What is the probative value of documents?
Public documents legally issued by the competent authority constitute a complete proof. Evidence is possible to be ordered only if these documents are contested as counterfeit. For the rest, the content of public documents and all the content of private ones are freely assessed.
Do private documents have probative value in favor of their issuer?
No, unless they are presented by the opposing party or in case of business accounting records.
How is the challenge of a document as counterfeit conducted?
Anyone who challenges a document as a counterfeit must submit the evidence on which their claim is based. If the document is essential to the identification of the case and the falsifier is designated, and criminal prosecution is possible, the progress of the proceedings may be suspended until the end of the criminal proceedings unless the suspension puts the interests of a party to imminent danger.
How is a confession assessed?
An individual party’s confession may be judicial or extra-judicial. A confession may be revoked for material misconduct until the end of the last hearing.

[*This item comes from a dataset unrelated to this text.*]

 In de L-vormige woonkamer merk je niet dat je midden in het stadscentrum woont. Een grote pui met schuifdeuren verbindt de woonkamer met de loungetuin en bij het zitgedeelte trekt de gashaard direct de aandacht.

Can the Court ask the parties for explanation?
Yes. If it is not possible to establish a complete conviction by other means of proof, the Court may request, by way of a preliminary ruling, the provision of explanations or information by the parties themselves, their legal representatives, or their attorneys.

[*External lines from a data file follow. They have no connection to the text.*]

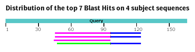 Примечание к рисункам 2 и 3: синим цветом выделены выравнивания со счётом 40-50 битов, зелёным - 50-80 битов, розовым - 80-200 битов.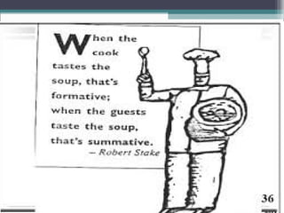 This document provides an overview of assessment in education. It defines various types of assessment including formative assessment, summative assessment, internal assessment, and external assessment. Formative assessment involves evaluating student progress and providing feedback, while summative assessment occurs at the end of a course to determine mastery of learning outcomes. Internal assessment is conducted by teachers, while external assessment involves an outside body evaluating students. The document discusses principles, purposes, and examples of different assessment types.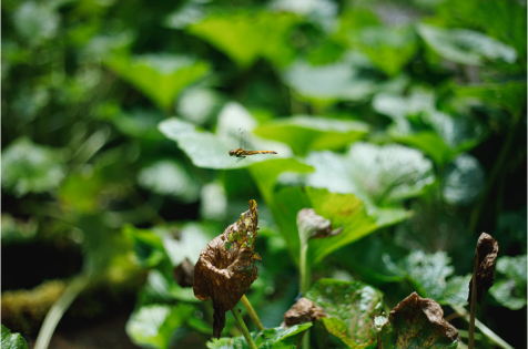 わさび田の周りには野生のフキや紫陽花が生い茂り、トンボやチョウチョが飛び交う。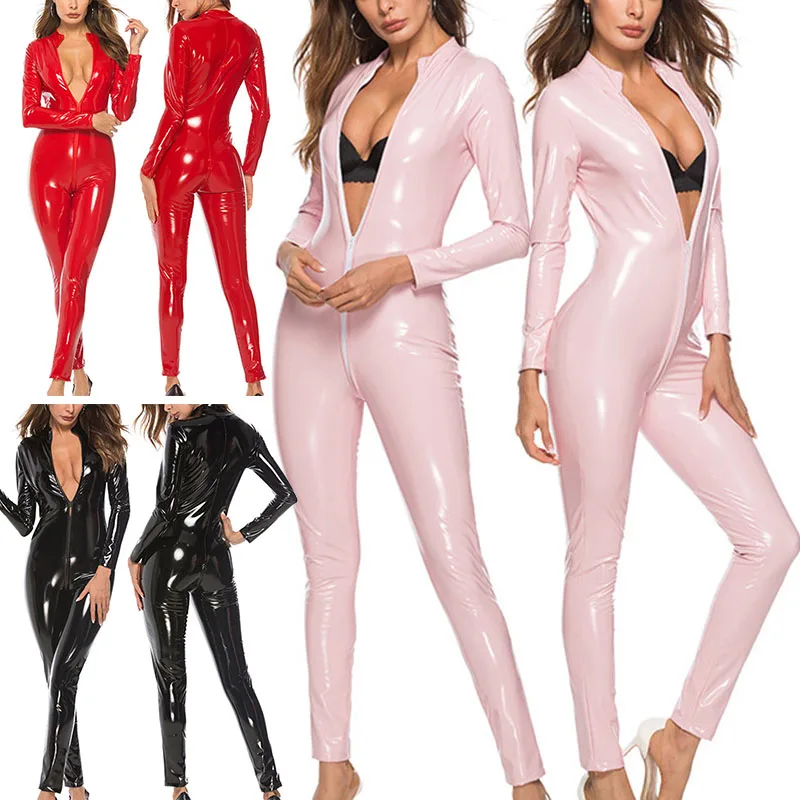 Однотонные Комбинезоны Костюмы Боди Женский длинный рукав костюм пляжного типа на молнии плюс размер Wetlook сексуальные женские Вечерние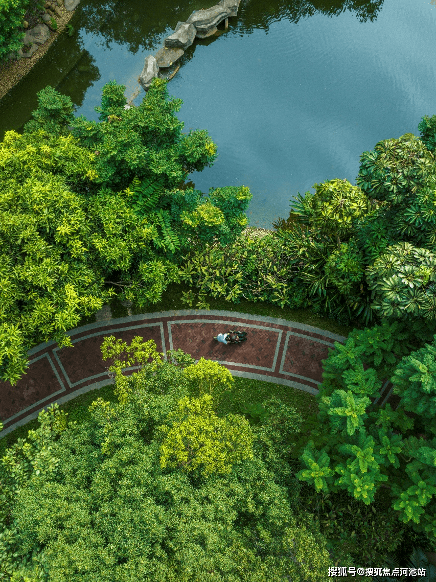 所以溪山君樾的园林,达到了约5万平,几乎是同体量社区的10倍,住在其它社区,下楼是一小片的草地、绿植,住在溪山君樾,下楼是如森林般的绿意秘境。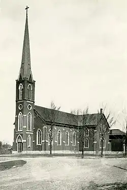 ![]() The Saint Mary Church in Lansing, Michigan, in winter (ca. 1881) viewed from across the intersection of Madison and Chestnut Street. The parsonage can be seen just north of the church, at the far right of the photo, and a one-story addition is barely visible around the corner of the transept. | |

When are witnesses examined?
The Court may order a witnesses’ testimony ex officio or upon a request of a party. In such case, the testimony is mandatory and witnesses must take an oath. Penalties are imposed for failure to appear or the refusal of a testimony or oath. Witnesses testify for actual facts that they perceive with their own senses or who know from other people’s narratives, under the obligation to name the person who communicated the actual facts to them.
Does the Court take into account judicial evidence?
Yes. The Court can draw conclusions about actual facts, from other facts that have already been proven.